**Data below**
--- START ---
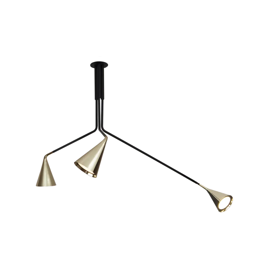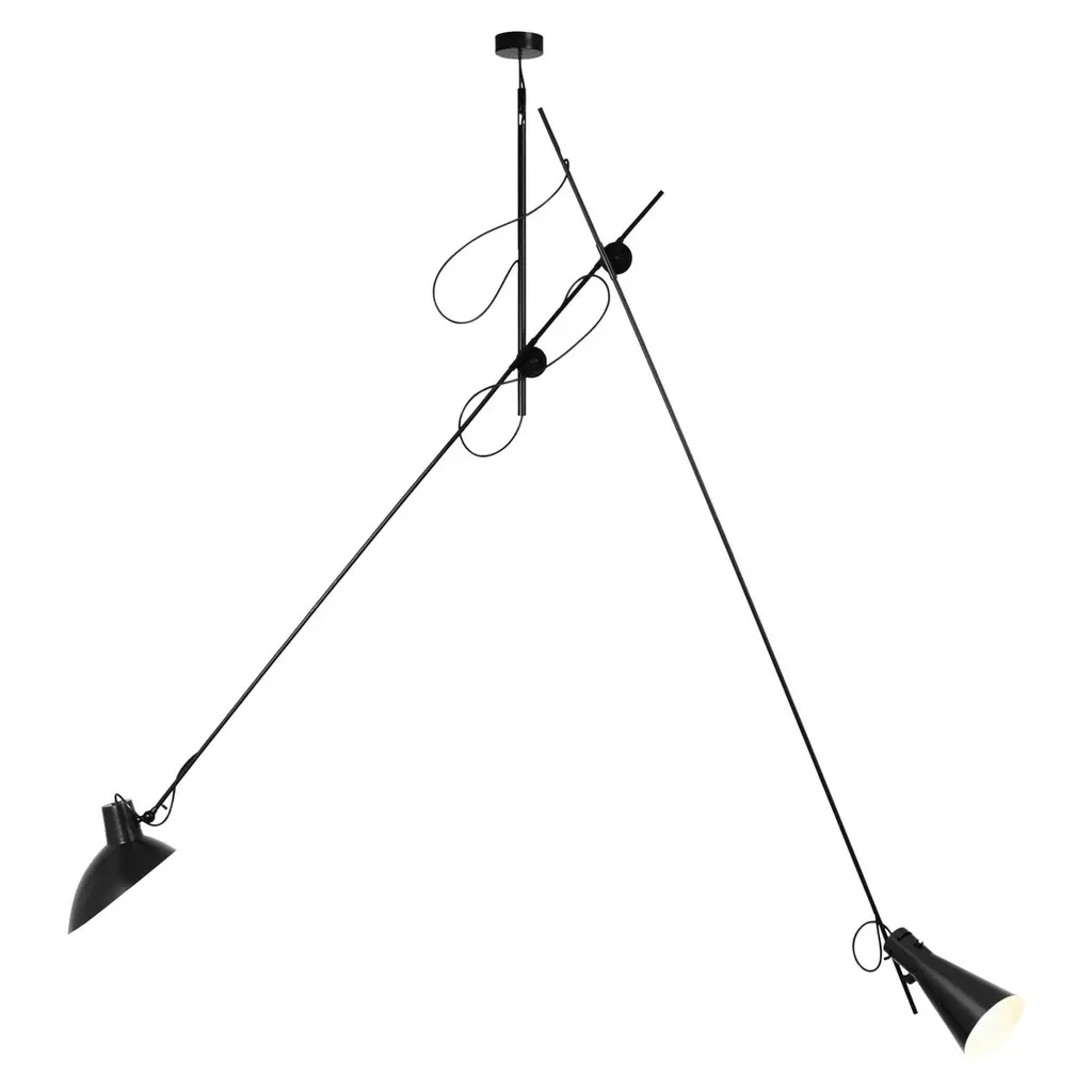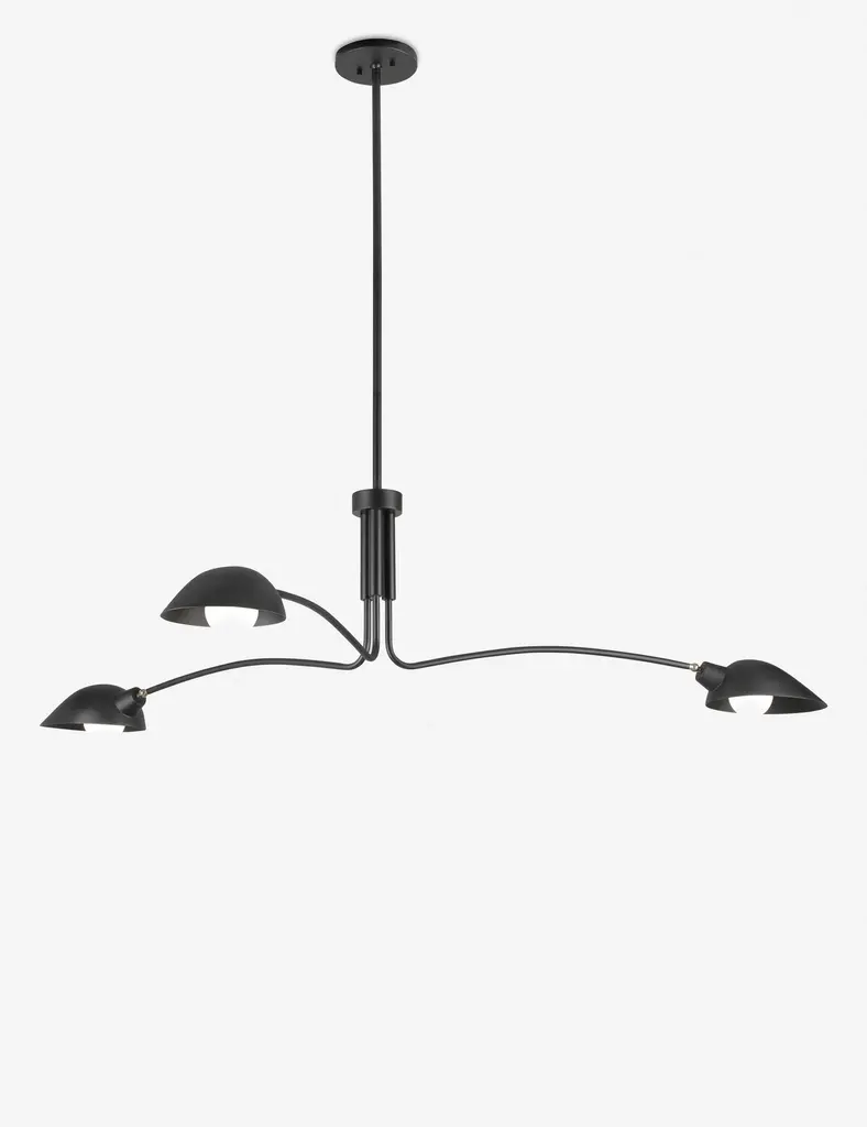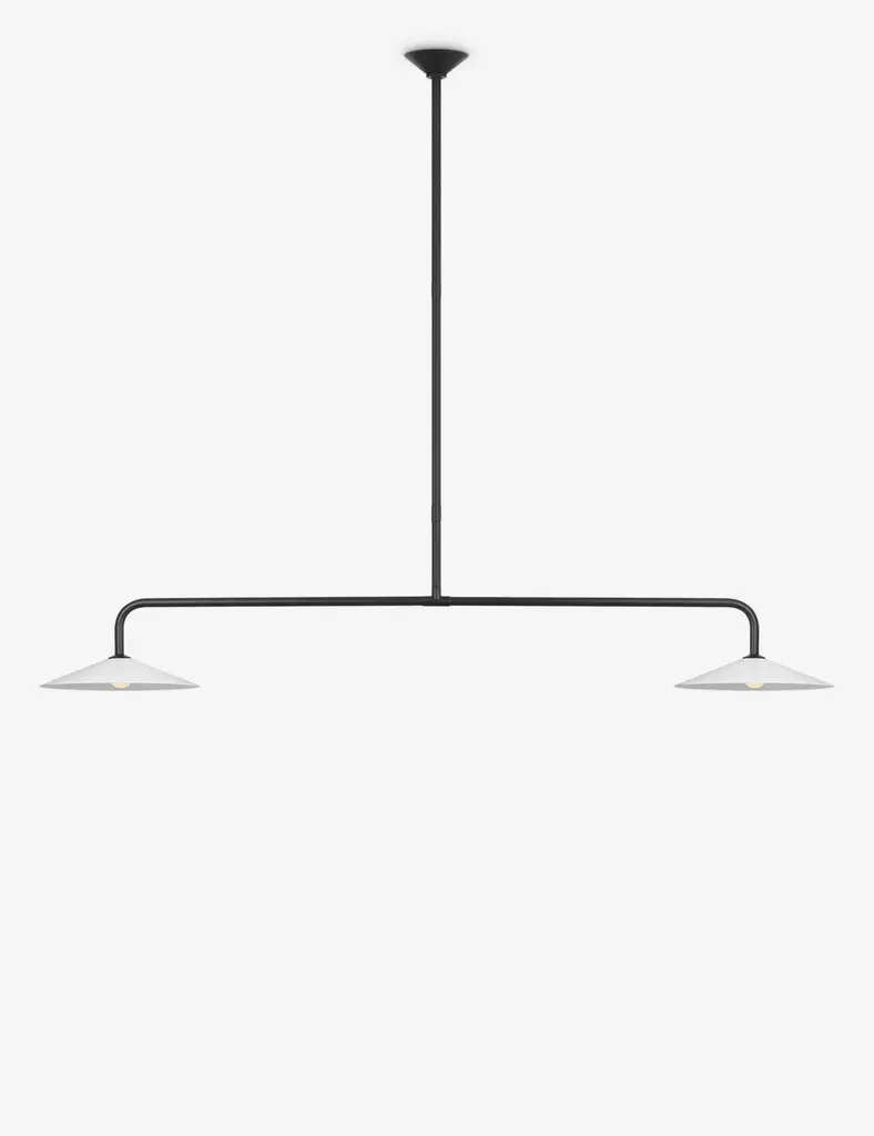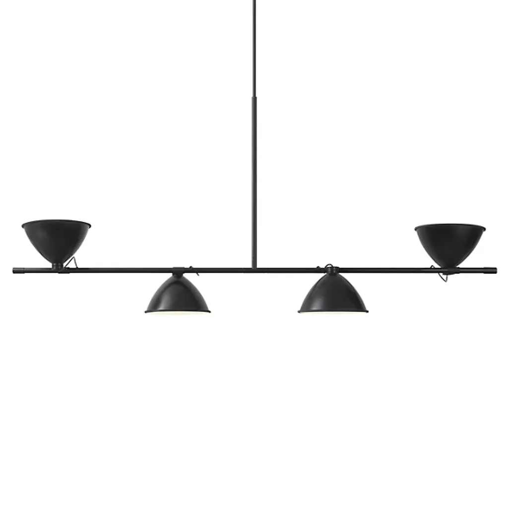 The Chandelier is a striking lighting fixture designed for spaces with high ceilings. As the largest model in the Bonnet collection, it serves as a perfect centerpiece above expansive dining tables or in large living areas. The Bonnet Copenhagen SC92 Chandelier’s standout feature is a set of curved aluminum shades that can rotate up to 180 degrees, allowing for customizable light direction—whether upwards, downwards, or at various angles. The chandelier’s sleek silhouette balances industrial materials, such as painted and anodized aluminum, with refined detailing. Available in black or a bronzed-black finish.
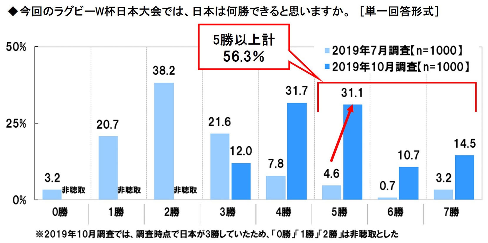 また、日本の勝利数予測も、大きく変化。過半数が5勝以上勝つ、と予想しており、決勝トーナメントでの勝利を確信している人が非常に多くなっています。
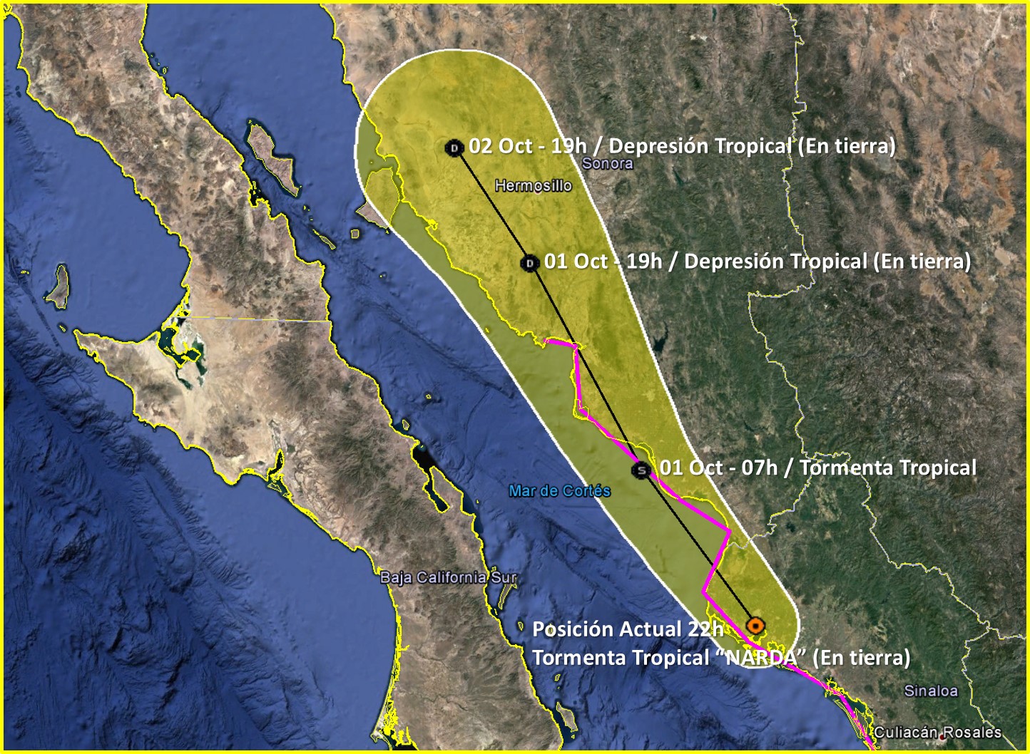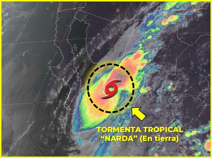CIUDAD DE MÉXICO.- Aproximadamente a las 20:30 horas del Pacífico norte el centro de la tormenta tropical “Narda“ impactó por segunda ocasión en el territorio mexicano, ahora lo hace en la costa norte de Sinaloa, a 35 km al sur de Los Mochis, en el municipio de Ahome, Sinaloa.
--- END ---
**Directions**
All of the material must be given again exactly, though no picture may appear in the copy.

**Answer for the task**
 The Chandelier is a striking lighting fixture designed for spaces with high ceilings. As the largest model in the Bonnet collection, it serves as a perfect centerpiece above expansive dining tables or in large living areas. The Bonnet Copenhagen SC92 Chandelier’s standout feature is a set of curved aluminum shades that can rotate up to 180 degrees, allowing for customizable light direction—whether upwards, downwards, or at various angles. The chandelier’s sleek silhouette balances industrial materials, such as painted and anodized aluminum, with refined detailing. Available in black or a bronzed-black finish.
 また、日本の勝利数予測も、大きく変化。過半数が5勝以上勝つ、と予想しており、決勝トーナメントでの勝利を確信している人が非常に多くなっています。
CIUDAD DE MÉXICO.- Aproximadamente a las 20:30 horas del Pacífico norte el centro de la tormenta tropical “Narda“ impactó por segunda ocasión en el territorio mexicano, ahora lo hace en la costa norte de Sinaloa, a 35 km al sur de Los Mochis, en el municipio de Ahome, Sinaloa.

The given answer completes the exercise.